I am developing a deep learning framework where there are multiple neural networks included in my framework design.

Is there any method in PyTorch that I could run multiple neural networks parallel?

Currently, I have my multiple models listed and trained sequentially, but ideally, I wish to make these models to be trained parallelly. For example, I wish to train model A and model B together. Then, the intermediate results will be consumed by model C and model D. Then, the results from model C and model D will be consumed by model F to generate the final results.

Any idea?

Then just pass the outputs form A and B to C.
Cuda calls are asyncronous. If you run A.forward() and then B.forward() that is async. The major problem is both will use the same gpu, thus the speed will be halved. So in short there is no gain at all betwen sequential/parallel if you don’t have aditional resources.

True in your consideration, but my proposed framework has a few advantages in such a parallel design.

So, no one knows how to train 2 or more neural networks at the same time?

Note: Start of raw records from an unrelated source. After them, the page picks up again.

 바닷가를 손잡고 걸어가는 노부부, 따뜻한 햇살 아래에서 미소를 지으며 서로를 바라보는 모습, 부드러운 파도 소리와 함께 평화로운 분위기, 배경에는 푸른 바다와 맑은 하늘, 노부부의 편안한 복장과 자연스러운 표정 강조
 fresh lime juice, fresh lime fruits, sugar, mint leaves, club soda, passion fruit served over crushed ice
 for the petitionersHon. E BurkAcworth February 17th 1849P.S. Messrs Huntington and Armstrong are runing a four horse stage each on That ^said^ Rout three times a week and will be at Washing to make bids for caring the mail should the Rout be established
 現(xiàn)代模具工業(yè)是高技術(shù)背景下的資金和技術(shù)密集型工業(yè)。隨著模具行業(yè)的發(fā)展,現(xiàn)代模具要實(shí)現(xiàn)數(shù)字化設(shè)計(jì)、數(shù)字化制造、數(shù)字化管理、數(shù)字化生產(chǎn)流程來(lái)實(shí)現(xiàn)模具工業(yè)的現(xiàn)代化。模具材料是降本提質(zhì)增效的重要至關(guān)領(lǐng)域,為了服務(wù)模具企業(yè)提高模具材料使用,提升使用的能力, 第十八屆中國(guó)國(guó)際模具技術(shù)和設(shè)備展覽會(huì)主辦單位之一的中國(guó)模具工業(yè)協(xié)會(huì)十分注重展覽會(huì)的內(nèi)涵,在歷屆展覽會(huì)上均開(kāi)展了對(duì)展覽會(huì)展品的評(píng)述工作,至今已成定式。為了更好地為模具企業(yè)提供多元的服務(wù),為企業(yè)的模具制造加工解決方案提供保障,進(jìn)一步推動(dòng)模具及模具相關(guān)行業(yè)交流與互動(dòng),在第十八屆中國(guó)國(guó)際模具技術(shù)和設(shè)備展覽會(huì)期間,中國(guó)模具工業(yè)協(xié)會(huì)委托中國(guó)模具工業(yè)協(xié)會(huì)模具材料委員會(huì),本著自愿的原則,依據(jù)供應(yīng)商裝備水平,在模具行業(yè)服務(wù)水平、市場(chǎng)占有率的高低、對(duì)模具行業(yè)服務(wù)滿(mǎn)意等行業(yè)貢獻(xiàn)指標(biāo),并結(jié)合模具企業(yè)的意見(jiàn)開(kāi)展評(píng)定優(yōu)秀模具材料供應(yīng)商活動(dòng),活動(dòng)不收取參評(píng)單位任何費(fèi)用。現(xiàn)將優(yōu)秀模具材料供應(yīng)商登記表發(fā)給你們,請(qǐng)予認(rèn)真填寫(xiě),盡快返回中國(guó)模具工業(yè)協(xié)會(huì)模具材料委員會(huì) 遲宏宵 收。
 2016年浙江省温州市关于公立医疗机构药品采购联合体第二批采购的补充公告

I see, anyway already told u. When you call forward the gpu process it asynchronously so everything works in parallel as much as possible :slight_smile:

I haven’t done an asynchronous call forward to train multiple neural networks together; if you may provide some insights, that will be much appreciated.

For example, neural network A and B are to be trained together. Then, neural network C takes the outputs from A and B for next step’s training. How may I do that in coding using PyTorch?

Another question, if I use Jupyter Notebook the code is executed sequentially. If I have A.forward and then B.forward. Jupyter Notebook takes A first and takes B after A’s execution is finished. I am not sure how could I do that in Jupyter Notebook.

I have no idea how’s this sequential/parallel/async processing works.

You can have a large explanation here:
https://pytorch.org/docs/master/notes/cuda.html
The main short is ops aren’t processed in the order you call them but in an optimal one as internally ops are enqueued.
Some ops force synchronization.
That’s what i mean by “they are async”.

WRT using outputs as inputs u can do that. It will construct a graph and backprop properly despite they are not hosted by the same nn.Module. Autograd works at a tensor level.

If you just want to set a daemon process (which means, a thread which runs in the back) I don’t think you can do that in a trainable way. And, once again, even if you could do so, it won’t be faster than “sequentially”. If a proper training pipeline is designed, gpu usage should be ~100%. Thus, splitting in daemon processes ends up taking the same time.

Lastly, you can set 3 nn modules, 3 optimizers and 3 of everything if you need to.